使用benchmark_app测试IR模型性能

为了测量 FP16 IR 模型的推理性能，我们使用 OpenVINO 的 Benchmark Tool。可以在笔记本中运行：！benchmark_app 或 %sx benchmark_app。

注意：为了获得最准确的性能估计，我们建议在关闭其他应用程序后在终端/命令提示符下运行 benchmark_app。运行 benchmark_app --help 以查看所有命令行选项。

# Benchmark FP16 model
!benchmark_app -m $ir_path -d CPU -api async -t 15 -b 1

Terminal返回：

Output exceeds the size limit. Open the full output data in a text editor
[Step 1/11] Parsing and validating input arguments
[ WARNING ]  -nstreams default value is determined automatically for a device. Although the automatic selection usually provides a reasonable performance, but it still may be non-optimal for some cases, for more information look at README. 
[Step 2/11] Loading OpenVINO
[ WARNING ] PerformanceMode was not explicitly specified in command line. Device CPU performance hint will be set to THROUGHPUT.
[ INFO ] OpenVINO:
         API version............. 2022.1.0-7019-cdb9bec7210-releases/2022/1
[ INFO ] Device info
         CPU
         openvino_intel_cpu_plugin version 2022.1
         Build................... 2022.1.0-7019-cdb9bec7210-releases/2022/1

[Step 3/11] Setting device configuration
[ WARNING ] -nstreams default value is determined automatically for CPU device.
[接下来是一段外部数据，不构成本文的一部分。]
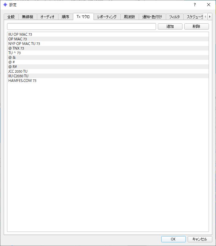 JTDXでは自由文の機能で好きな文字列を送ることができます。【ファイル】→ 【設定】で設定を開き、Tx マクロタブを表示させます。 よくわからずにいろいろと追加してしまっていますが、大事なのは、今回使いたいものを一番上に持ってきておく、ということです。この設定画面ではドラッグアンドドロップで順番の入れ替えが簡単にできます。交信中にプルダウンから選択するのは非常に手間で、オペレーションが乱れるのでお勧めできません。

Although the automatic selection usually provides a reasonable performance, but it still may be non-optimal for some cases, for more information look at README.
[Step 4/11] Reading network files
[ INFO ] Read model took 31.01 ms
[Step 5/11] Resizing network to match image sizes and given batch
[ INFO ] Network batch size: 1
[Step 6/11] Configuring input of the model
[ INFO ] Model input 'input' precision u8, dimensions ([N,H,W,C]): 1 224 224 3
[ INFO ] Model output 'MobilenetV3/Predictions/Softmax:0' precision f32, dimensions ([...]): 1 1001
[Step 7/11] Loading the model to the device
[ INFO ] Compile model took 199.00 ms
[Step 8/11] Querying optimal runtime parameters
[ INFO ] DEVICE: CPU
[ INFO ]   AVAILABLE_DEVICES  , ['']
...
    AVG:        5.12 ms
    MIN:        3.12 ms
    MAX:        30.85 ms
Throughput: 768.31 FPS